▶ [Exercise instructions] Begin at the line that has "3月07日 17:42頃、ロ", stop after the line that has "Off White Sleeveless", and print exactly those lines from the records below, without any pictures.

▶ [Available data]
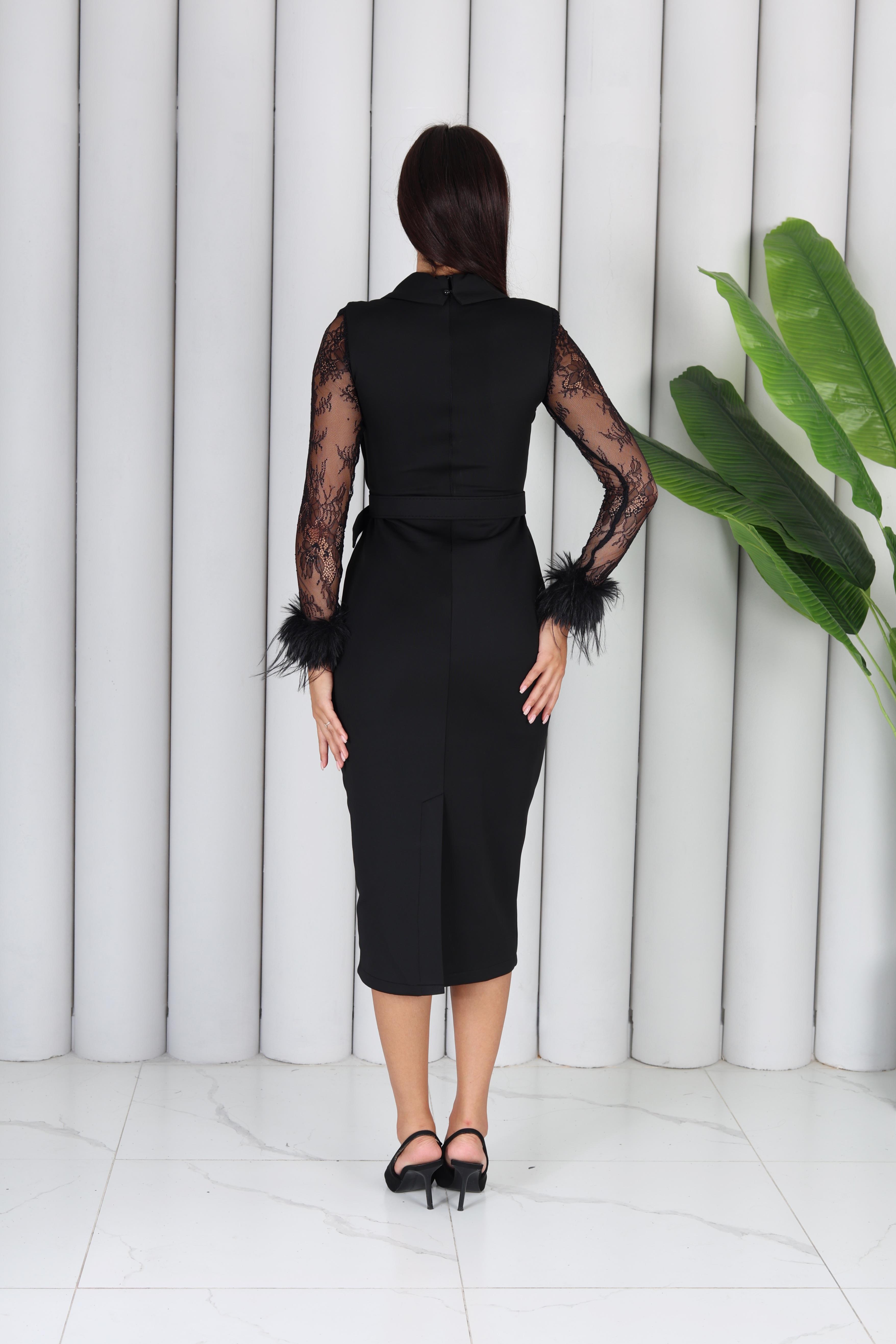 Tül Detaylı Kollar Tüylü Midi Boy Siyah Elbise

...

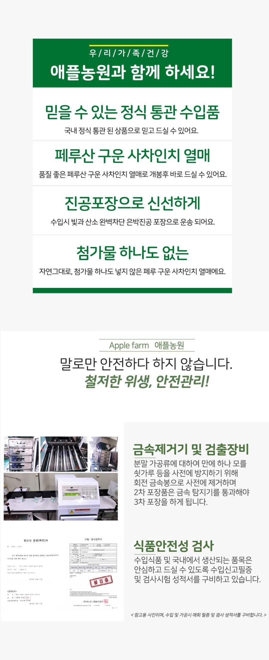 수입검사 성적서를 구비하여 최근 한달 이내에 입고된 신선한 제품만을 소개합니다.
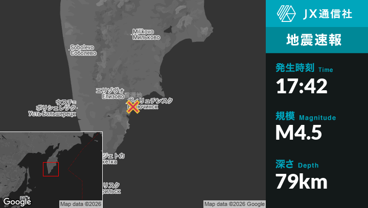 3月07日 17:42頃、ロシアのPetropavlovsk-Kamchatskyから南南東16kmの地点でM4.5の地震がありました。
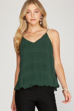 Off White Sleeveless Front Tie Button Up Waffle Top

▶ [Exercise output]
 3月07日 17:42頃、ロシアのPetropavlovsk-Kamchatskyから南南東16kmの地点でM4.5の地震がありました。
 Off White Sleeveless Front Tie Button Up Waffle Top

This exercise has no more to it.